_Assigned task_: All entries are to be quoted exactly; the images stay out of the copy.

_Given records_:
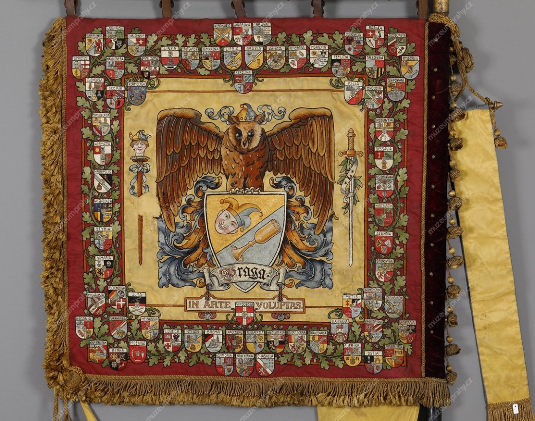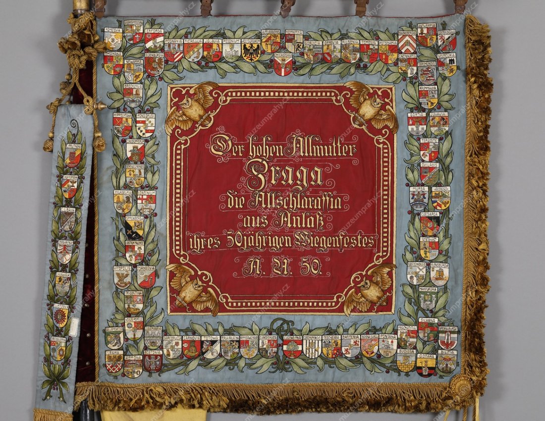 Korouhev z moaré hedvábí schlaraffské pražské Všemáti (Allmutter Praga), vyšívaná. Líc: znak Allmutter Praga, po okraji znaky odnoží Allschlaraffie. Rub: v ozdobném rámci vyšitý nápis „Der hohen Allmutter Praga die Allschlaraffia aus Anlass ihres 50jährigen Wiegenfestes A.U. 50" (Velké Všemáti Praze Allschlaraffia u příležitost 50. výročí jejího zrodu A.U. 50), po okraji znaky odnoží Allschlaraffie. Součástí kovová litá žerď, završená figurou sovy a opatřená ramenem k zavěšení korouhve, 1909. MMP HD 002 444/002 a/008
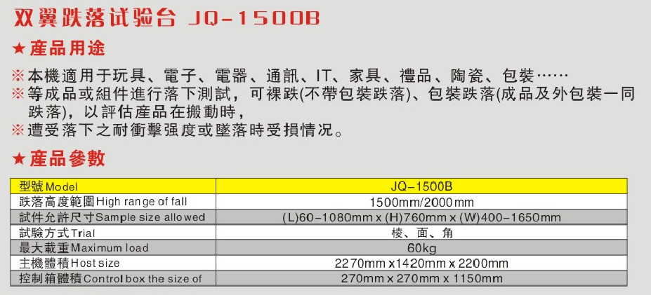 紙箱雙翼跌落試驗臺適用于在搬或運輸過程中,可能有摔落而導致使內部產品受到損壞,事先預防損害,
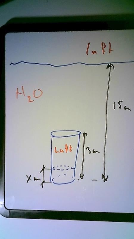 P0V0 = PV (Där P och V är tryck resp volym i nedsänkt läge och P0 och V0 gäller före nedsänkning)
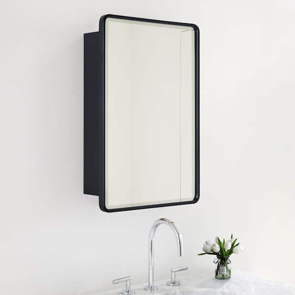 Eldee 16 in. W x 24 in. H Surface Mount Rectangular Metal Framed Bathroom Medicine Cabinet with Mirror in Matt Black
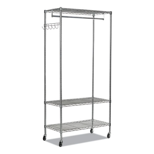 Time-saving design assembles in minutes without tools. Strong welded wire construction that allows air circulation and helps reduce dust buildup. Double-sided for quick access to items. Rack features hanging rod for garments, five support hooks for umbrellas, bags, and other items to accommodate your needs. Three shelves adjust in 1" increments and support 350 lbs. on each shelf. Four casters for quick mobility and two lock when it has reached your destination. Total unit capacity is 500 lbs. if used with casters. Hangers not included.
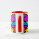 Das 3. in einer Reihe von 4 schön, bunte Tassen. Der Entwurf ist der Herzen, des Wirbel, der Punkte und mehr in hellem, Spaßfarben auf einer schwarzen Platte ein abstraktes. Der Griff und das Innere sind rot.
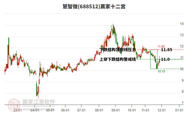 慧智微處于贏家江恩空頭主線形態(tài),12月8日發(fā)出江恩筑底信號后,經(jīng)過2日,今日形成短期筑頂信號,短期多頭趨勢已被破壞,中長線均在空頭下跌趨勢中?;壑俏⒔袢仗盏烷_,截止目前K線呈現(xiàn)上影小陰線,股價走弱。
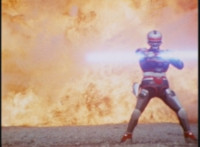 Energy slashed, Irradiator crackles, VR JB turning around and posing as he collapses and explodes massively. |
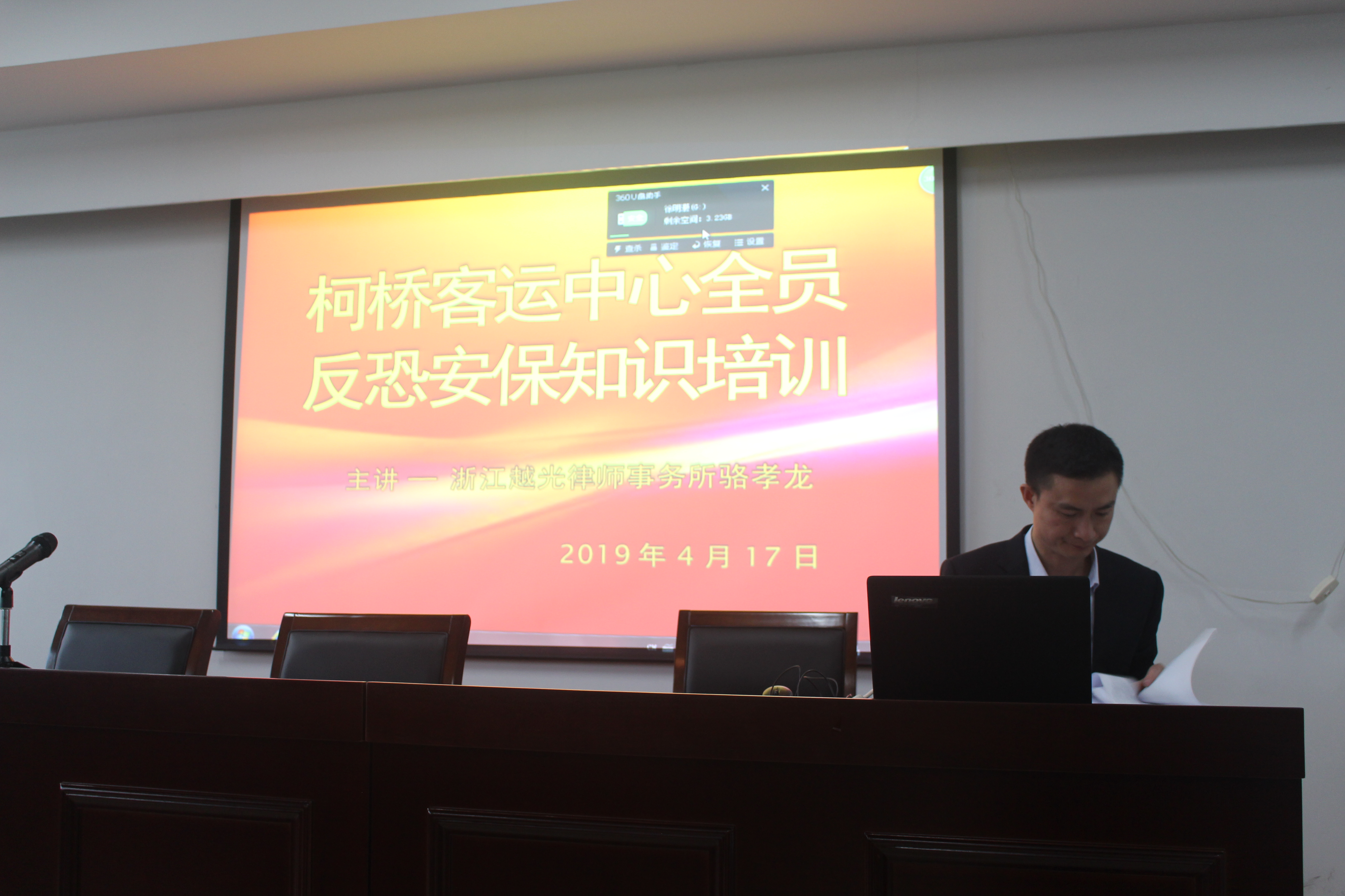 此次安全培訓特邀浙江越光律師事務所駱孝龍律師主講。會上駱孝龍律師從反恐知識、消防知識、事故案例等方面,采取理論和實際相結合的方式進行了詳細的講解和分析。從不同層面闡述了安全就是效益、安全就是幸福這一理念。
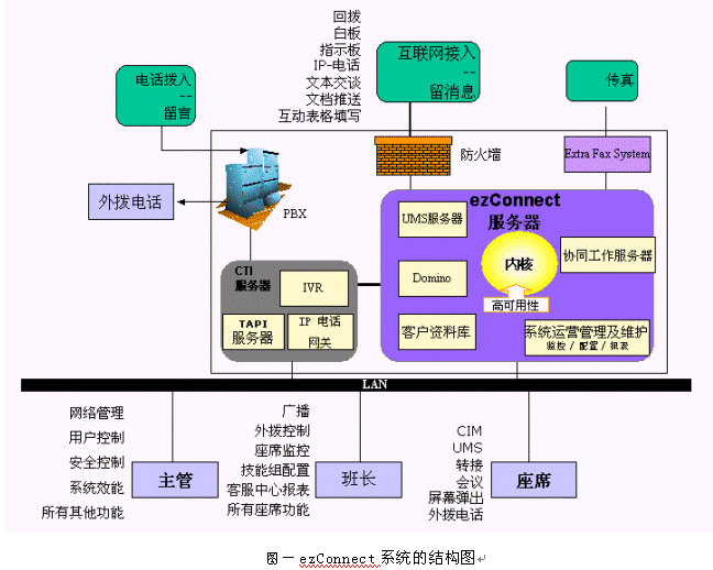 ezConnect系統(tǒng)是由訊泰信息科技公司的北京研發(fā)中心設(shè)計開發(fā)出來的一個成熟的多媒體呼叫中心產(chǎn)品。支持傳統(tǒng)電話、web、電子郵件、傳真、語音郵件、IP電話、短消息、WAP等用戶接入方式;對客戶請求采用基于座席技能的智能分派;提供文本交談、白板共享、協(xié)同填表、文檔推送、IP電話、短消息發(fā)送等多種實時交流工具;有非常實用的實時監(jiān)控和報表子系統(tǒng)。核心部分的設(shè)計采用分離分層的思想,實現(xiàn)了相對于PBX、IVR、CRM的透明性。系統(tǒng)的配置非常靈活,可以在很短的時間內(nèi)完全改變整個客戶端的風(fēng)格,或支持一種新的語言。整個系統(tǒng)建立在Java平臺上,具有良好的可移植性。下面是ezConnect系統(tǒng)的結(jié)構(gòu)圖:

_Answer space_:
 Korouhev z moaré hedvábí schlaraffské pražské Všemáti (Allmutter Praga), vyšívaná. Líc: znak Allmutter Praga, po okraji znaky odnoží Allschlaraffie. Rub: v ozdobném rámci vyšitý nápis „Der hohen Allmutter Praga die Allschlaraffia aus Anlass ihres 50jährigen Wiegenfestes A.U. 50" (Velké Všemáti Praze Allschlaraffia u příležitost 50. výročí jejího zrodu A.U. 50), po okraji znaky odnoží Allschlaraffie. Součástí kovová litá žerď, završená figurou sovy a opatřená ramenem k zavěšení korouhve, 1909. MMP HD 002 444/002 a/008
 紙箱雙翼跌落試驗臺適用于在搬或運輸過程中,可能有摔落而導致使內部產品受到損壞,事先預防損害,
 P0V0 = PV (Där P och V är tryck resp volym i nedsänkt läge och P0 och V0 gäller före nedsänkning)
 Eldee 16 in. W x 24 in. H Surface Mount Rectangular Metal Framed Bathroom Medicine Cabinet with Mirror in Matt Black
 Time-saving design assembles in minutes without tools. Strong welded wire construction that allows air circulation and helps reduce dust buildup. Double-sided for quick access to items. Rack features hanging rod for garments, five support hooks for umbrellas, bags, and other items to accommodate your needs. Three shelves adjust in 1" increments and support 350 lbs. on each shelf. Four casters for quick mobility and two lock when it has reached your destination. Total unit capacity is 500 lbs. if used with casters. Hangers not included.
 Das 3. in einer Reihe von 4 schön, bunte Tassen. Der Entwurf ist der Herzen, des Wirbel, der Punkte und mehr in hellem, Spaßfarben auf einer schwarzen Platte ein abstraktes. Der Griff und das Innere sind rot.
 慧智微處于贏家江恩空頭主線形態(tài),12月8日發(fā)出江恩筑底信號后,經(jīng)過2日,今日形成短期筑頂信號,短期多頭趨勢已被破壞,中長線均在空頭下跌趨勢中?;壑俏⒔袢仗盏烷_,截止目前K線呈現(xiàn)上影小陰線,股價走弱。
 Energy slashed, Irradiator crackles, VR JB turning around and posing as he collapses and explodes massively. |
 此次安全培訓特邀浙江越光律師事務所駱孝龍律師主講。會上駱孝龍律師從反恐知識、消防知識、事故案例等方面,采取理論和實際相結合的方式進行了詳細的講解和分析。從不同層面闡述了安全就是效益、安全就是幸福這一理念。
 ezConnect系統(tǒng)是由訊泰信息科技公司的北京研發(fā)中心設(shè)計開發(fā)出來的一個成熟的多媒體呼叫中心產(chǎn)品。支持傳統(tǒng)電話、web、電子郵件、傳真、語音郵件、IP電話、短消息、WAP等用戶接入方式;對客戶請求采用基于座席技能的智能分派;提供文本交談、白板共享、協(xié)同填表、文檔推送、IP電話、短消息發(fā)送等多種實時交流工具;有非常實用的實時監(jiān)控和報表子系統(tǒng)。核心部分的設(shè)計采用分離分層的思想,實現(xiàn)了相對于PBX、IVR、CRM的透明性。系統(tǒng)的配置非常靈活,可以在很短的時間內(nèi)完全改變整個客戶端的風(fēng)格,或支持一種新的語言。整個系統(tǒng)建立在Java平臺上,具有良好的可移植性。下面是ezConnect系統(tǒng)的結(jié)構(gòu)圖:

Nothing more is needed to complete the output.